Dengan kehadiran ketujuh anggota, suasana di ruang klub CRC semakin riuh. Namun, pada akhirnya, keributan itu mereda, dan mereka semua kembali ke aktivitas masing-masing—
Kecuali saat itulah pintunya terbuka.
Ruang klub tak pernah dikunjungi siapa pun. Lagipula, tak ada orang waras yang mau repot-repot berjalan jauh ke sudut kampus terpencil ini. Jika ada yang perlu bicara dengan mereka, entah apa pun alasannya, biasanya mereka akan meminta CRC untuk datang.
Itu adalah pintu yang hanya dibuka oleh tujuh anggota CRC… tetapi sekarang, tangan orang lain ada di kenop pintu itu.
Jadi siapa itu?
Semua mata tertuju ke pintu… dan di sana berdiri Gotou Ryuuzen, penasihat Kelas 2-B dan pengawas Klub Riset Budaya. Di usia 25 tahun, ia tergolong muda dalam hal keguruan, tetapi dilihat dari bahasa tubuhnya, ia memang tampak agak… lelah…
“Haahh… Wah, rasanya berat sekali rasanya naik tiga lantai… Apa kalian tidak pernah merasa lelah?”
Berbicara seperti seseorang yang usianya paling tidak dua kali lipat usianya.
“…Apa maumu, Gotou? Tidak setiap hari kau menyeret pantat pemalasmu ke sini,” desak Inaba, tanpa sedikit pun rasa hormat terhadap otoritasnya.
“Oh, uh, ya, jadi… Tunggu, apa itu tadi?”
“Kau lupa?! ” gerutu Nagase.
“Uhhh… Oh ya, benar! Inaba, coba kulihat formulir yang kuberikan padamu. Seharusnya ada di sana…”
Sambil memutar matanya, Inaba dengan enggan menuruti permintaannya.

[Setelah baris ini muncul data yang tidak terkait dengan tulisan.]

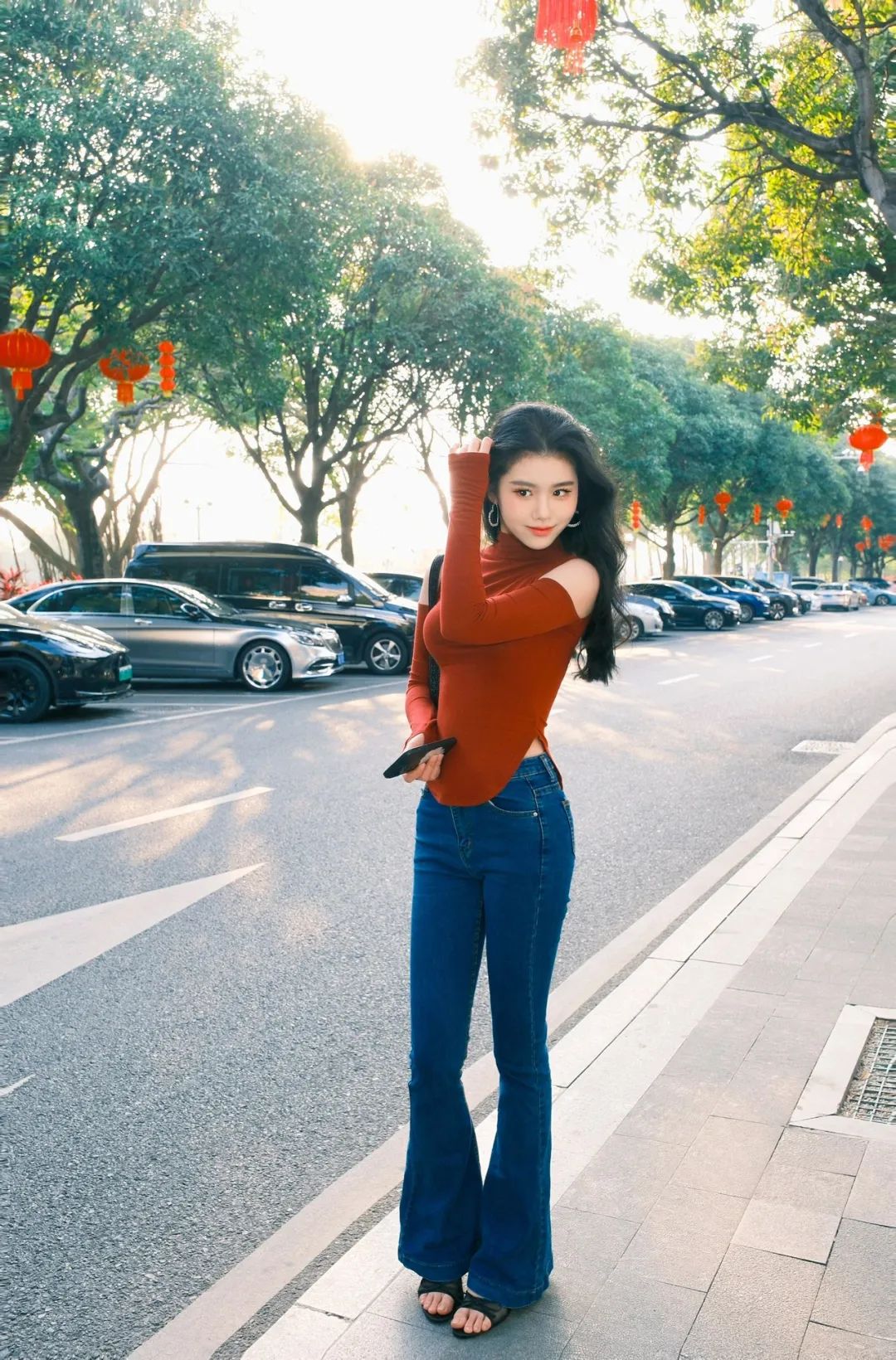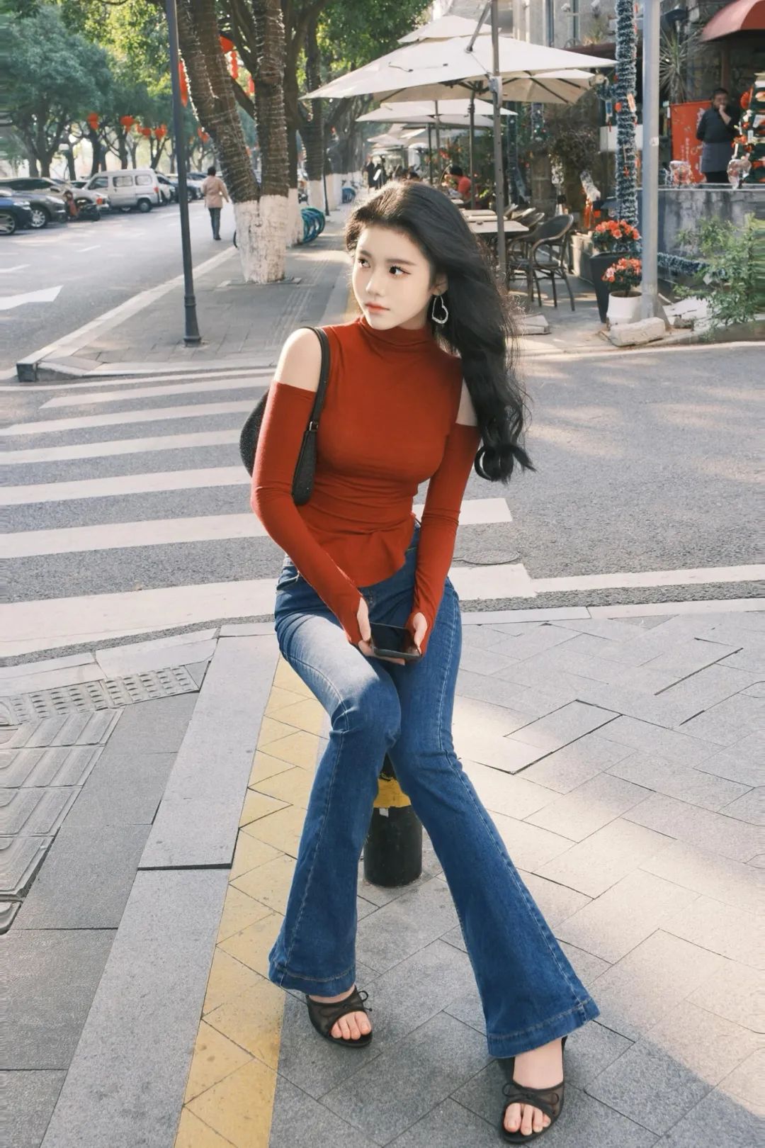 侧身坐于路桩上,手持手机自然垂于身前,另一手搭在腿上,避免了手部的僵硬感。这样的拍照姿势形成自然的动态感,同时也凸显出腿部线条和喇叭牛仔裤的造型。为整体造型增添了几分随性与优雅。

“…Bingo! Ya, lihat, aku seharusnya memegang yang ini.”
“Hanya itu saja?” tanya Aoki, tercengang.
“Ya, itu saja,” jawab Gotou tanpa ragu. “Oh, dan, eh… aku sedang berpikir untuk mencoba meluangkan waktu untuk mampir lebih sering mulai sekarang. Setidaknya aku harus berpura-pura baik-baik saja, tahu? Kalau tidak, guru-guru lain akan mulai mengincarku! Pokoknya, kalian bersenang-senanglah. Tapi jangan terlalu banyak!”
Dan sambil melambaikan selembar kertas yang diambilnya di satu tangan, Gotou berjalan keluar dari ruang klub.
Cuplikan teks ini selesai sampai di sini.